But I have a higher awareness. My contemplation is on that cloud over there.

That’s the sky for you! It’s always marred by clouds.

I don’t regard clouds as blotches or impediments, or as negations of a pure sky’s clarity. I regard them as positive ornaments, things-in-themselves.

How high-fallutin can you get? A stone (hefting it:) has more solid merit, any day!

It may seem real, here: but a cloud is real, there.

You’re a dreamer, is what you are! Your head is where the clouds are. But I’d rather palm this stone. (Palms it.)

You think I’m balmy? You’re merely palmy. If you need weight for assurance, any stone will do. A stone is merely the slave of gravity. And gravity’s kingdom, democratically unselective, lacks the taste of discrimination. Whereas a cloud is a real connoisseur’s delight! It makes us soar above our station. It raises us out of the dust. We’re with it. But a stone—a stone, like a parasite, is only with us.

A stone clings to us. But a cloud’s above such petty dependency. Truly, we may call it liberated. Its destiny is unlimited. A stone is only what it is.

That’s a lot of hot air! Your vapor rises and dissolves in meaningless spirals of inconsequential ascent. Your words drift. And I’ve lost the drift of them.

A stone’s destiny is in its density. Compare what’s merely a stone’s-throw away, with what (gazes high, deep, far:) surpasses forever, in its lonely day.

The spirit is a puncturable balloon. But it takes some doing (admiringly:) to split a stone!

Splitting a stone merely divides it into halves, a bigger half and a smaller half, but they weigh the same as before, (And what’s weight?—it’s merely dross.) But a split cloud will multiply!, and feed our dreams eternally.

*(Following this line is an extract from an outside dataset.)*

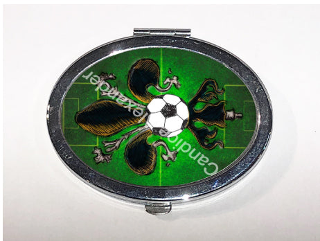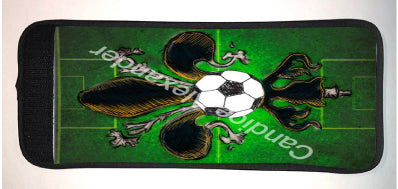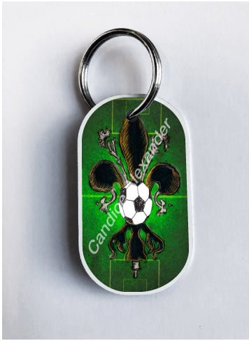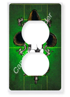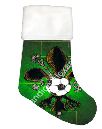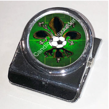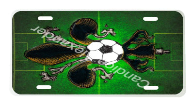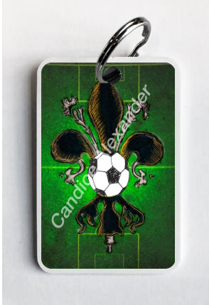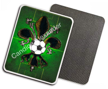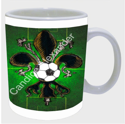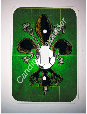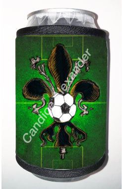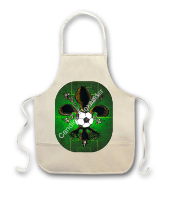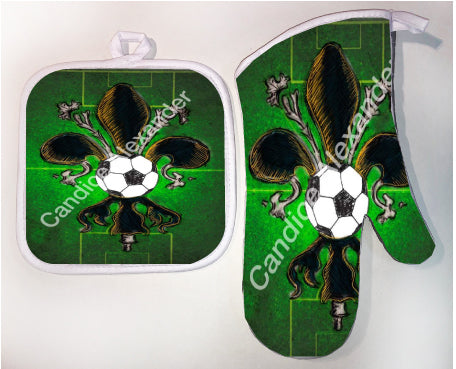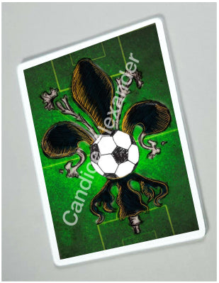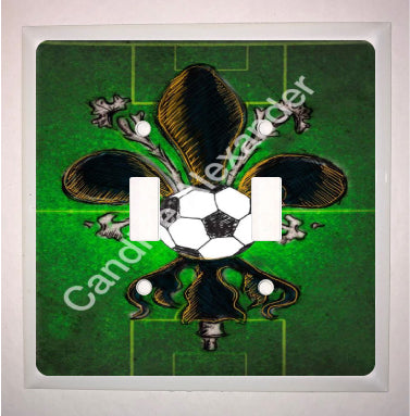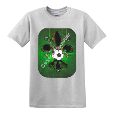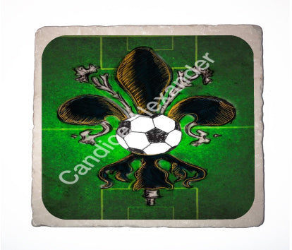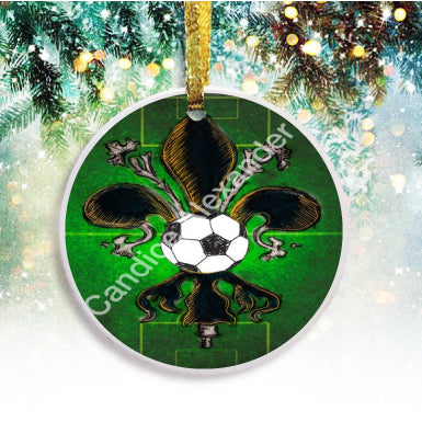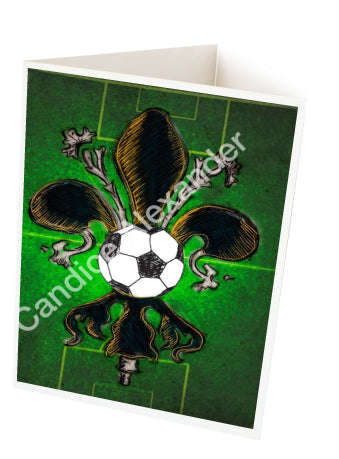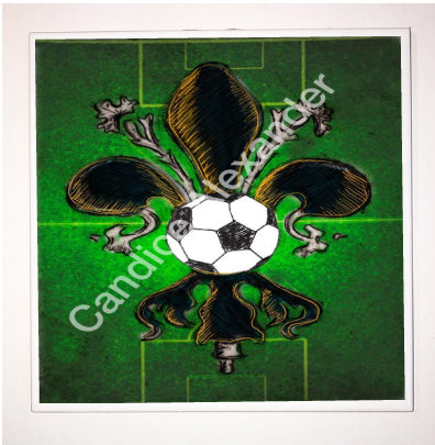 "Soccer Gold and Black" is a Gold and Black Fleur De Lis design by Candice Alexander featuring a soccer ball as the center of a black and gold fleur on a soccer field background.

You’ve got your atoms all wrong. You’ve got to start with elements/ Now, take a stone (admiringly:) for solidity!

Solidity?! it crushes me with its weight. A cloud vessels our travelling infinitely, and skips us lightly on the sun’s multidirectional ray.

Our argument finds us too opposed to go anywhere. I’m really earthbound, and you’re high-up-there!

We can reconcile these two factors of our dispute, by regarding a stone as a puny symbol for a cloud, a dormant cloud that hasn’t gotten off the ground yet and by considering a cloud to be a graduated, liberated stone, having shaken off its earth-captivity and been promoted to the deep reward of a metamorphosis and transcendental uplift. It has sloughed its earthly skin, and found heaven pragmatically laden with welcome, and nearer to reach than supposed. Nature is the lowest layer in a hierarchy astronomically monumental. A stone is a puny thing. It’s only stage one. It doesn’t move until pushed, or scooped up to be hurled. A cloud’s momentum is its own. Its soft sibilants caress the gods in language.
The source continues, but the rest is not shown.